Azione mimica sotto le bandiere italiana e nazista. Il matrimonio tra Italia e Germania. La celebre canzone
"Sposi".
Seguono tre canzoni del repertorio del cafè chantant napoletano: "Come son nervoso" il duetto di Totò "Le
piace il mio bijoux" e "Cioccolatina mia".
Carmela esegue una delle più celebri canzoni sentimentali del tempo di guerra: "Ma l'amore no!".
Fantasia internazionale. Tre canzoni finto-straniere del repertorio del varietà italiano: "La spagnola", "La
bella tirolese" e "La rucaracia".
A questo punto lo spettacolo dovrebbe essere finito. Ma il tenente tedesco ha aggiunto un numero di
squallido avanspettacolo per prendere in giro i partigiani vinti. Carmela non vorrebbe eseguirlo ma Paolino
terrorizzato dalla presenza del tenente la schiaffeggia.
Inizia il numero: "Dal dottore". Una paziente si fa visitare da un famoso dottore. Quando si spoglia è
avvolta in una bandiera rossa comunista. Il dottore ironizza sulla sua inguaribile malattia con frasi volgari.
Carmela soffre visibilmente. Poi quando i polacchi in sala incominciano a cantare una canzone partigiana,
lei alza la bandiera rossa e canta con loro. Paolino cerca di risoovere la situazione iniziando il numero delle
"scorreggie". Ma il tenente uccide Carmela con un colpo di pistola. Il palcoscenico torna buio.
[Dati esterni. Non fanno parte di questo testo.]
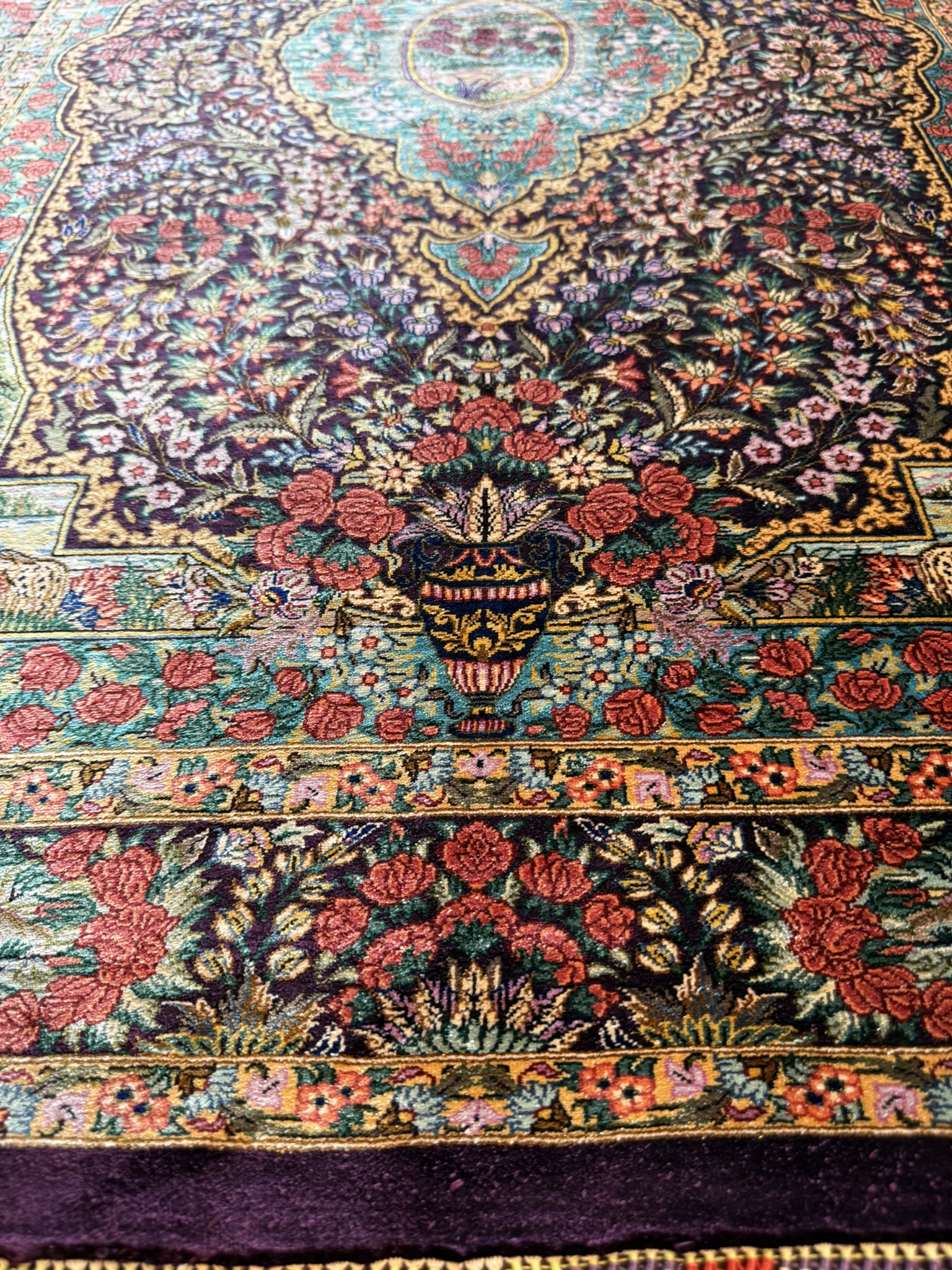 1960年代に入るとオール・シルクの絨毯が製作され始め、やがてクムはシルク絨毯の産地として世界的に名を知られるようになったのです。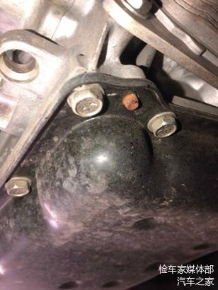 检测变速箱油底壳螺丝,无拆卸渗油痕迹。

Quarta parte: di nuovo sul palcoscenico abbandonato
Siamo di nuovo sul palcoscenico del teatro abbandonato, molti giorni dopo la prima apparizione di
Carmela.
Paolino è combattuto. Da una parte le visite di Carmelo lo fanno stare male ma dall'altra è terrorizzato
dall'idea di perderla per sempre. Adesso Paolino, per vigliaccheria o per realismo, ha accettato di mettersi
la camicia nera dei fascisti. Invece Carmela ha incontrato nell'altro mondo delle amiche anarchiche ed
insieme hanno deciso di costituire un gruppo "per la memoria": un gruppo dove ricordare tutto quello che
è successo. Perchè i vivi dimenticano e spetta allora ai morti ricordare. Basta poco. Anche un oggetto,
come il cucchiaio che il giovane meridionale con la testa frantumata teneva sul petto e che ora è forato dal
colpo di fucile che lo uccise.
Ma Paolino non sembra capire. L'istinto di sopravvivenza è in lui troppo forte. Carmela allora sparisce
lasciandogli il cucchiaio forato. Servirà a qualcosa? Suonano le sirene dei bombardamenti. Senza più la sua
Carmela, Paolino si aggrappa impaurito alle sue canzoni del varietà mentre scende il buio della guerra.